A Seeing small bumps on your penis will undoubtedly cause worry; especially if you are sexually active, you may be afraid that it is a sexually transmitted infection (STI).

However, those bumps might not necessarily mean that you have an infection; you may instead have a condition known as pearly penile papules.

So, what are pearly penile papules?

They are very tiny (1 to 2mm) round bumps that are attached to the rim of the head of the penis. These bumps commonly appear in one or several rows, going all the way around the rim of the head of the penis. The bumps can sometimes be the same colour of the skin, or translucent, white, yellow or pink in colour.

These bumps are completely normal in some men, and are not a sign of infection or uncleanliness. They are also not cancerous. It is unclear as to how many men have them, but they can occur in up to 48 per cent of men. They do, however, occur more commonly in uncircumcised men than in circumcised men.

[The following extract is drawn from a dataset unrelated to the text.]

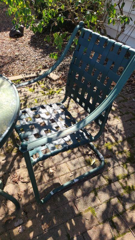 Glass top table with umbrella and chairs. Chairs show wear but are fully functional with cushions. Pictures are the best representation of the items listed and items are untested unless indicated in description. Thank you for looking and have fun bidding!

Because these bumps on the penis are not caused by an infection, are not painful or uncomfortable and, in essence, normal, they do not need to be treated or removed. They also become less noticeable as men get older.

Some men, however, are embarrassed by the bumps because they are afraid someone will think they are an STI, and want to have them removed. Carbon dioxide laser removal is the best and most effective treatment for their removal, but it can result in scarring or infection.

A sexually transmitted infection that can resemble pearly penile papules, is genital warts.

Genital warts are caused by the human papilloma virus, the most common sexually transmitted infection.

Genital warts may appear as a single wart or a collection of warts around the penis. They may be smooth or have a cauliflower-like appearance. Treatment of genital warts varies based on the number of warts present and their location.

Only someone who has actually seen the lesions can accurately differentiate and diagnose what they are, so it is best to visit your doctor and let them take a look.


Q There is this young lady in my community. I really like her, but every time I try to talk to her when I see her, she never replies; she just walks right pass me. I remember an instance when I saw her and asked her if I could get to know her. She said, 'Why you want to know me for?' She is playing hard to get. I want to give up, but every time I see her, sometimes I try to talk to her, sometimes I don't. What should I do, Doc?

A Thank you for this question. I do understand that such a scenario can be frustrating. However, it is best to respect her wishes. She actually may not be playing hard to get, but may have numerous reasons for her response to you. She may already have a boyfriend, or be preoccupied with other things in her life, such as work, school or family issues, and might genuinely not be interested in a relationship, or be in an emotional place to entertain any new friendships at the moment. To persist or force a response that you would prefer, can be seen as harassment, and result in an even worse response or outcome than what is present now. With time, she may become more receptive to you, so for now, just be polite and cordial and find something to distract you from your feelings for her; a new sport or hobby maybe.